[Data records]
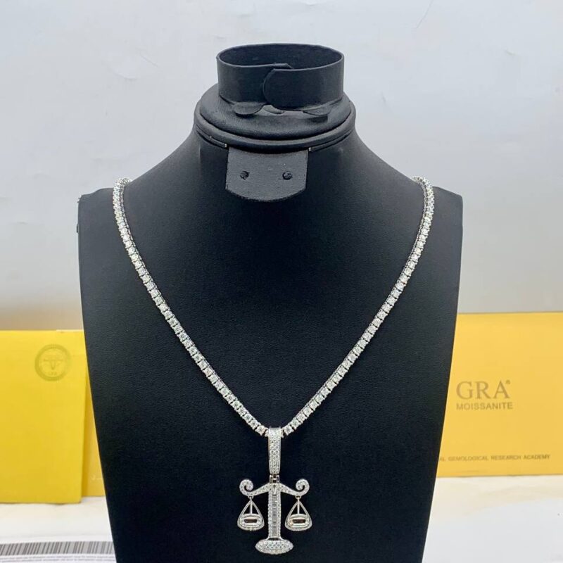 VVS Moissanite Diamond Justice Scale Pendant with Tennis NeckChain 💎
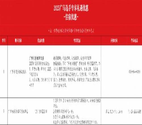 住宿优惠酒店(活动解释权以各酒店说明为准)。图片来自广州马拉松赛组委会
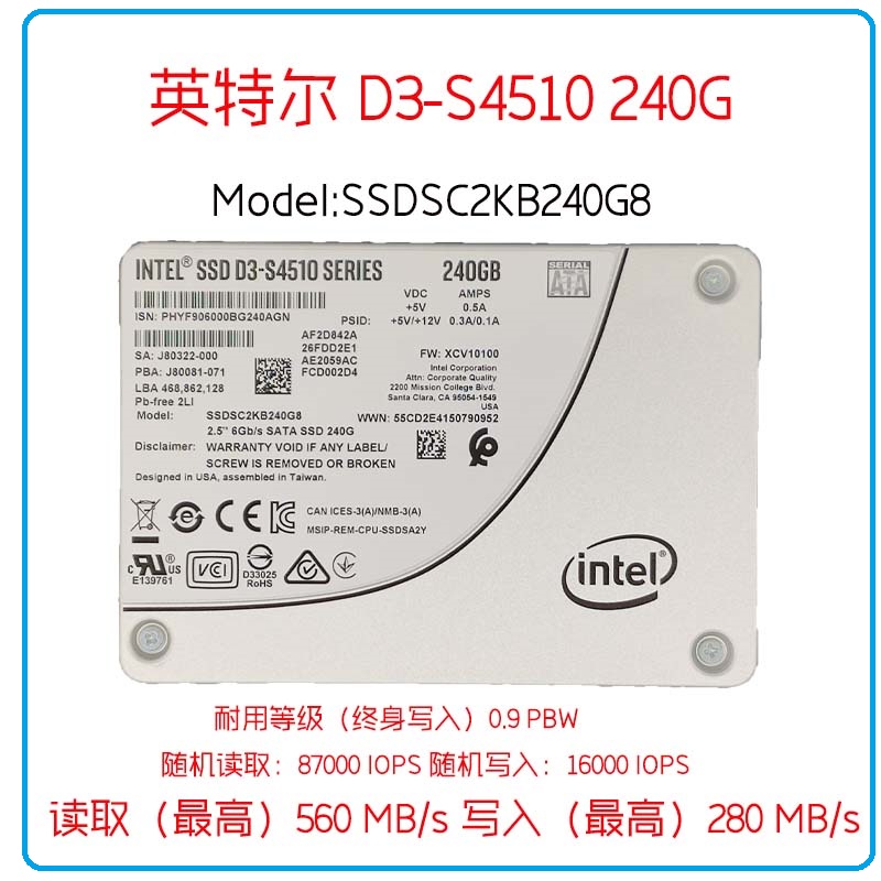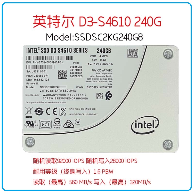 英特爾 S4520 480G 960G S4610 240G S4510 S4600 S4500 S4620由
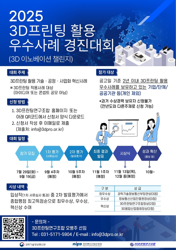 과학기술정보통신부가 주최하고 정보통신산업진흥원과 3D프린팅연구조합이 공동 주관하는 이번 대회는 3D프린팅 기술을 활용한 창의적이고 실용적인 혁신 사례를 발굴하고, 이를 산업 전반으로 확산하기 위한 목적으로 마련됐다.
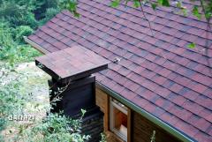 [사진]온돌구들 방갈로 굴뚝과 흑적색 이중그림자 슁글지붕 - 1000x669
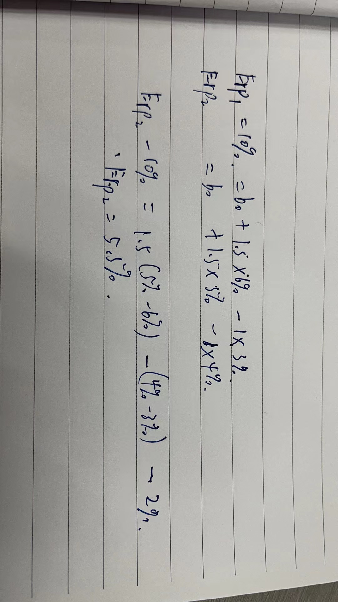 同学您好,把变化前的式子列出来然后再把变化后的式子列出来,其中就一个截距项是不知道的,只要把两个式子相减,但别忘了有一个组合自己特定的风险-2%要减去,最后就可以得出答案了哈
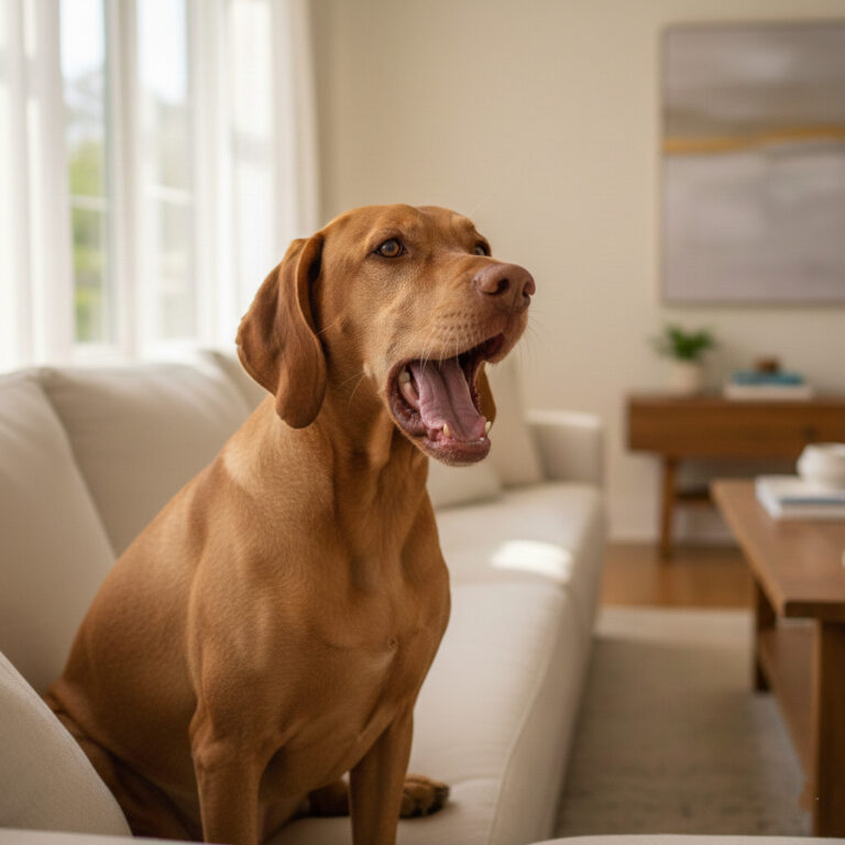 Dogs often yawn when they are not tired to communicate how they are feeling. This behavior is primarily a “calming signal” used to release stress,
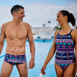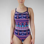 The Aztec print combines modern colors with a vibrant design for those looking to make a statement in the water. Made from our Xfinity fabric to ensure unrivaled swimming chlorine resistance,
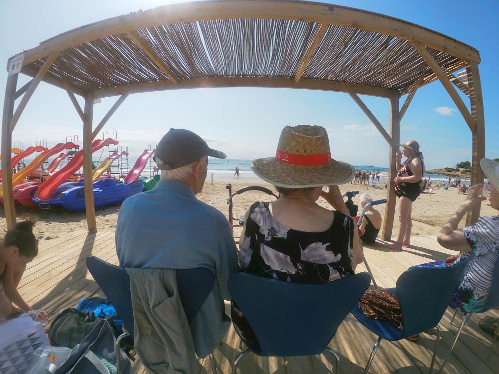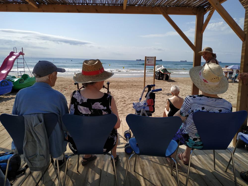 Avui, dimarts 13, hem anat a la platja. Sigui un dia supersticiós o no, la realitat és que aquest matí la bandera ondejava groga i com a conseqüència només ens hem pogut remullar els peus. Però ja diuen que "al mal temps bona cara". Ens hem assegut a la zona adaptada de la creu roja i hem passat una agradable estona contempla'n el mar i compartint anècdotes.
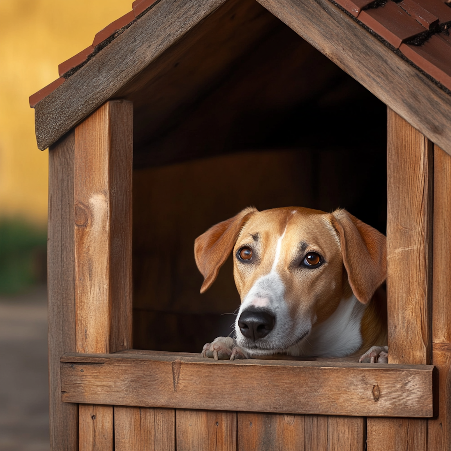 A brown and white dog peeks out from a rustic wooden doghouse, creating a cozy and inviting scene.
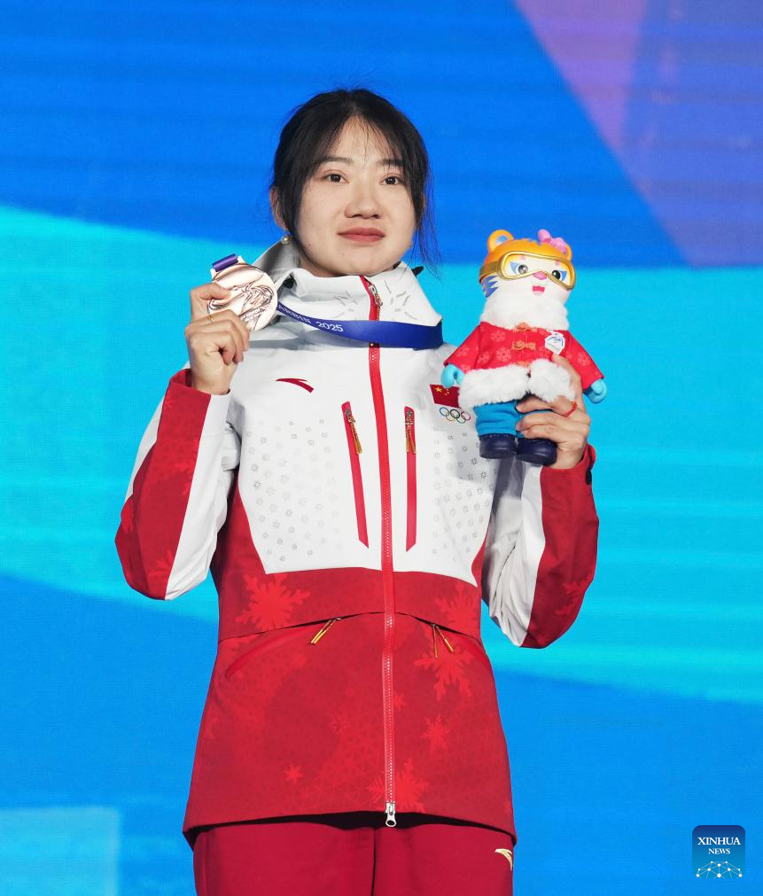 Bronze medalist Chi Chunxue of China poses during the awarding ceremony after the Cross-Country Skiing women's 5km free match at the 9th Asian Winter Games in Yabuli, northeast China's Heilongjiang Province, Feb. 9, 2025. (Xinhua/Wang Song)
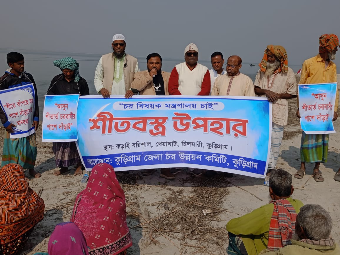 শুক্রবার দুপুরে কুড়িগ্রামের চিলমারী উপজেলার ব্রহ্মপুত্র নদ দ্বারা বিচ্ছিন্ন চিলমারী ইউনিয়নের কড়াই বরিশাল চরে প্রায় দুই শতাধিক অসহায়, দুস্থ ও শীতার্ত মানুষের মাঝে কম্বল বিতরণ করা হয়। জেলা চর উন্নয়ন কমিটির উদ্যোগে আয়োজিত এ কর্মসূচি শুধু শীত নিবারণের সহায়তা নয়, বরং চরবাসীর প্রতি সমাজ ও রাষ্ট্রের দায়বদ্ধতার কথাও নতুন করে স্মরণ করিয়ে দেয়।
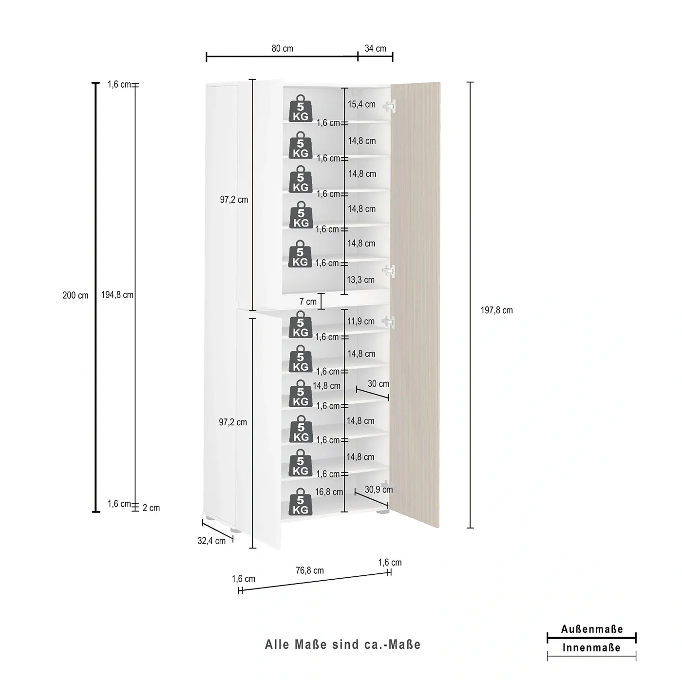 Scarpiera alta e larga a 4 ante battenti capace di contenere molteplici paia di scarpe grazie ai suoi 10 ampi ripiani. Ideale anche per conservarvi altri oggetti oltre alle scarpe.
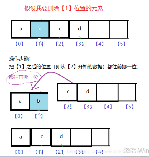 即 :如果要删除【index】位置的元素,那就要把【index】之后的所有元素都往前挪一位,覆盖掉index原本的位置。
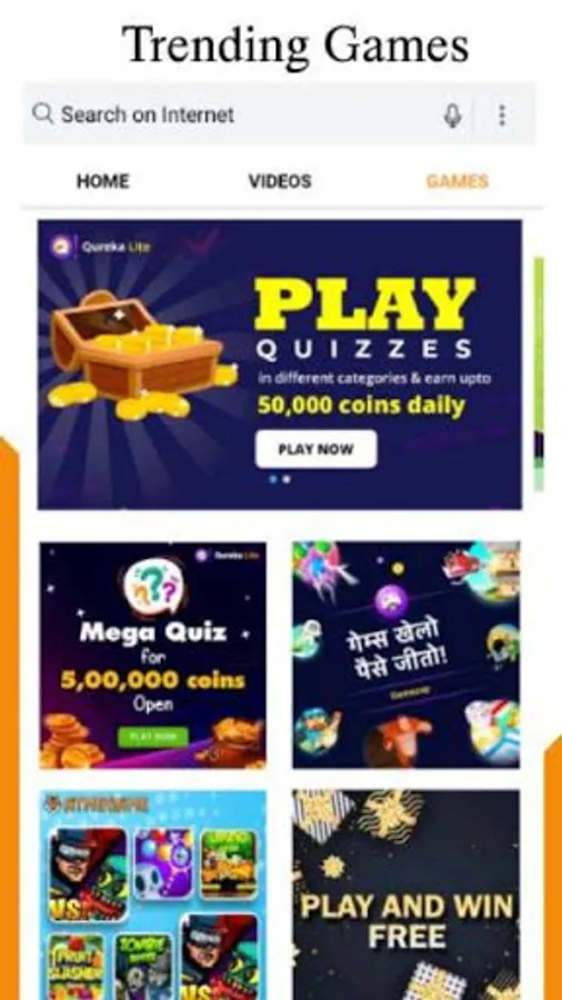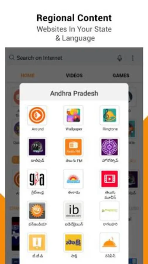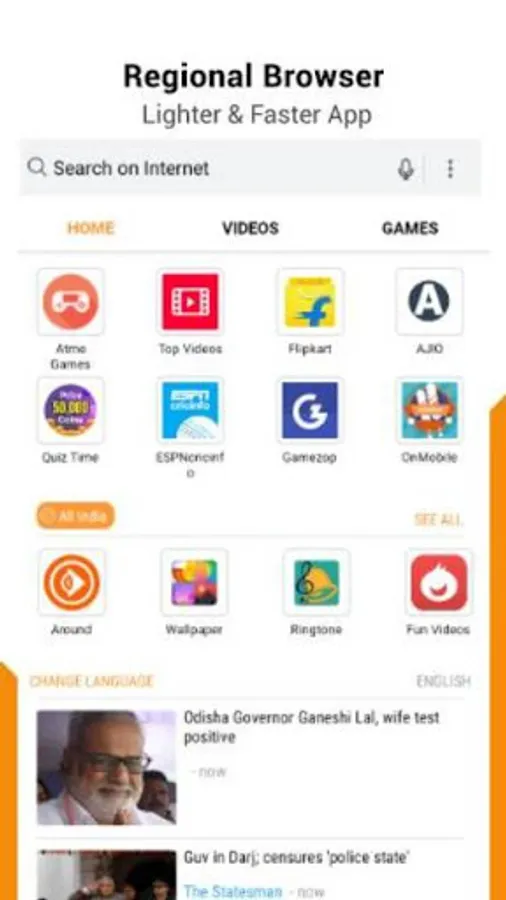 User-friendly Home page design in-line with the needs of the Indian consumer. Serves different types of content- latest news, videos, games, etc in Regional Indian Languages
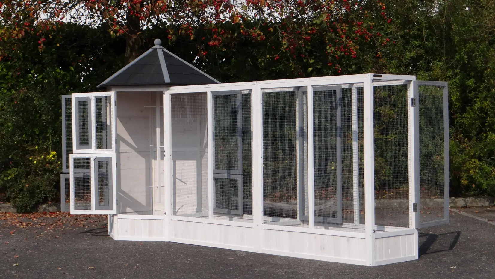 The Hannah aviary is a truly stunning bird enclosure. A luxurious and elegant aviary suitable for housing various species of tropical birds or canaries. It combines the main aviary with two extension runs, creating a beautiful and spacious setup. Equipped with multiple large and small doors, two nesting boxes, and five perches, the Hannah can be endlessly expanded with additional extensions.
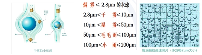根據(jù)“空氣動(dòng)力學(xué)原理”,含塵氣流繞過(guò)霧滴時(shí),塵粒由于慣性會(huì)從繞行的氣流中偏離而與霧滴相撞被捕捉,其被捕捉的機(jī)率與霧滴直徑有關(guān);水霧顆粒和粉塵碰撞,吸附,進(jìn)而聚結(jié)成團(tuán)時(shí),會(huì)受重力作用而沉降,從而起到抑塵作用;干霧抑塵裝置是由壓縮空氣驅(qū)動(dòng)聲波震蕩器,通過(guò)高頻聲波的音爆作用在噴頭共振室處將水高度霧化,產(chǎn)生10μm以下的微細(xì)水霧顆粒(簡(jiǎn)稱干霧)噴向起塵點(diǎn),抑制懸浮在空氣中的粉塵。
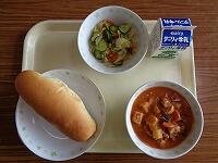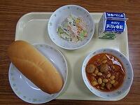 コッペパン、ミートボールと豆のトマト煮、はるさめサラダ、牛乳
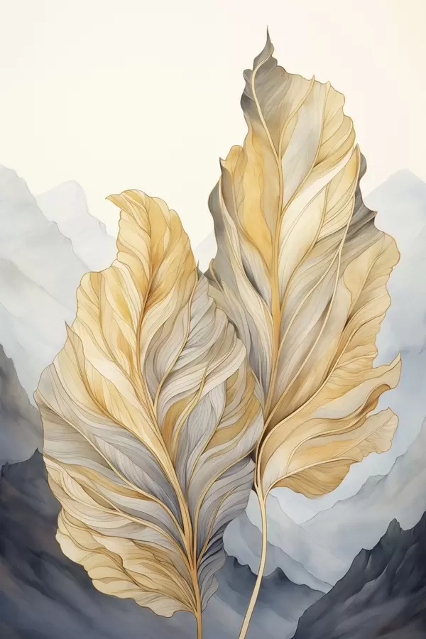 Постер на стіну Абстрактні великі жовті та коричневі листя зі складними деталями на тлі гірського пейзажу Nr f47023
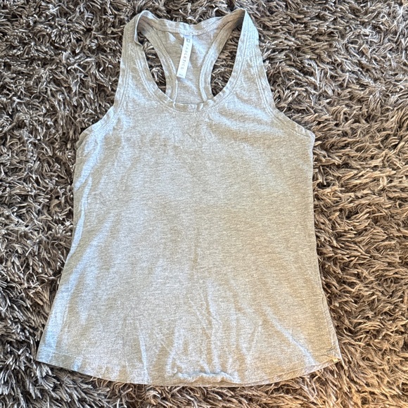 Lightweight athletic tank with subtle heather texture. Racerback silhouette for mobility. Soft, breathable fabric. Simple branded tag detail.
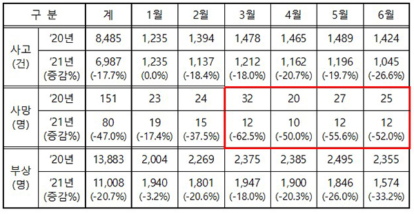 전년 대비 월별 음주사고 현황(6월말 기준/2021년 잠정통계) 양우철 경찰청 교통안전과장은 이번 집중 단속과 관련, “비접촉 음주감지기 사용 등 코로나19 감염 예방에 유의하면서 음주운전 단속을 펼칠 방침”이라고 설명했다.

— DESCRIPTION OF THE TASK —
Repeat the lines above precisely and skip every picture.

— ANSWER TO THIS PROBLEM —
 VVS Moissanite Diamond Justice Scale Pendant with Tennis NeckChain 💎
 住宿优惠酒店(活动解释权以各酒店说明为准)。图片来自广州马拉松赛组委会
 英特爾 S4520 480G 960G S4610 240G S4510 S4600 S4500 S4620由
 과학기술정보통신부가 주최하고 정보통신산업진흥원과 3D프린팅연구조합이 공동 주관하는 이번 대회는 3D프린팅 기술을 활용한 창의적이고 실용적인 혁신 사례를 발굴하고, 이를 산업 전반으로 확산하기 위한 목적으로 마련됐다.
 [사진]온돌구들 방갈로 굴뚝과 흑적색 이중그림자 슁글지붕 - 1000x669
 同学您好,把变化前的式子列出来然后再把变化后的式子列出来,其中就一个截距项是不知道的,只要把两个式子相减,但别忘了有一个组合自己特定的风险-2%要减去,最后就可以得出答案了哈
 Dogs often yawn when they are not tired to communicate how they are feeling. This behavior is primarily a “calming signal” used to release stress,
 The Aztec print combines modern colors with a vibrant design for those looking to make a statement in the water. Made from our Xfinity fabric to ensure unrivaled swimming chlorine resistance,
 Avui, dimarts 13, hem anat a la platja. Sigui un dia supersticiós o no, la realitat és que aquest matí la bandera ondejava groga i com a conseqüència només ens hem pogut remullar els peus. Però ja diuen que "al mal temps bona cara". Ens hem assegut a la zona adaptada de la creu roja i hem passat una agradable estona contempla'n el mar i compartint anècdotes.
 A brown and white dog peeks out from a rustic wooden doghouse, creating a cozy and inviting scene.
 Bronze medalist Chi Chunxue of China poses during the awarding ceremony after the Cross-Country Skiing women's 5km free match at the 9th Asian Winter Games in Yabuli, northeast China's Heilongjiang Province, Feb. 9, 2025. (Xinhua/Wang Song)
 শুক্রবার দুপুরে কুড়িগ্রামের চিলমারী উপজেলার ব্রহ্মপুত্র নদ দ্বারা বিচ্ছিন্ন চিলমারী ইউনিয়নের কড়াই বরিশাল চরে প্রায় দুই শতাধিক অসহায়, দুস্থ ও শীতার্ত মানুষের মাঝে কম্বল বিতরণ করা হয়। জেলা চর উন্নয়ন কমিটির উদ্যোগে আয়োজিত এ কর্মসূচি শুধু শীত নিবারণের সহায়তা নয়, বরং চরবাসীর প্রতি সমাজ ও রাষ্ট্রের দায়বদ্ধতার কথাও নতুন করে স্মরণ করিয়ে দেয়।
 Scarpiera alta e larga a 4 ante battenti capace di contenere molteplici paia di scarpe grazie ai suoi 10 ampi ripiani. Ideale anche per conservarvi altri oggetti oltre alle scarpe.
 即 :如果要删除【index】位置的元素,那就要把【index】之后的所有元素都往前挪一位,覆盖掉index原本的位置。
 User-friendly Home page design in-line with the needs of the Indian consumer. Serves different types of content- latest news, videos, games, etc in Regional Indian Languages
 The Hannah aviary is a truly stunning bird enclosure. A luxurious and elegant aviary suitable for housing various species of tropical birds or canaries. It combines the main aviary with two extension runs, creating a beautiful and spacious setup. Equipped with multiple large and small doors, two nesting boxes, and five perches, the Hannah can be endlessly expanded with additional extensions.
根據(jù)“空氣動(dòng)力學(xué)原理”,含塵氣流繞過(guò)霧滴時(shí),塵粒由于慣性會(huì)從繞行的氣流中偏離而與霧滴相撞被捕捉,其被捕捉的機(jī)率與霧滴直徑有關(guān);水霧顆粒和粉塵碰撞,吸附,進(jìn)而聚結(jié)成團(tuán)時(shí),會(huì)受重力作用而沉降,從而起到抑塵作用;干霧抑塵裝置是由壓縮空氣驅(qū)動(dòng)聲波震蕩器,通過(guò)高頻聲波的音爆作用在噴頭共振室處將水高度霧化,產(chǎn)生10μm以下的微細(xì)水霧顆粒(簡(jiǎn)稱干霧)噴向起塵點(diǎn),抑制懸浮在空氣中的粉塵。
 コッペパン、ミートボールと豆のトマト煮、はるさめサラダ、牛乳
 Постер на стіну Абстрактні великі жовті та коричневі листя зі складними деталями на тлі гірського пейзажу Nr f47023
 Lightweight athletic tank with subtle heather texture. Racerback silhouette for mobility. Soft, breathable fabric. Simple branded tag detail.
 전년 대비 월별 음주사고 현황(6월말 기준/2021년 잠정통계) 양우철 경찰청 교통안전과장은 이번 집중 단속과 관련, “비접촉 음주감지기 사용 등 코로나19 감염 예방에 유의하면서 음주운전 단속을 펼칠 방침”이라고 설명했다.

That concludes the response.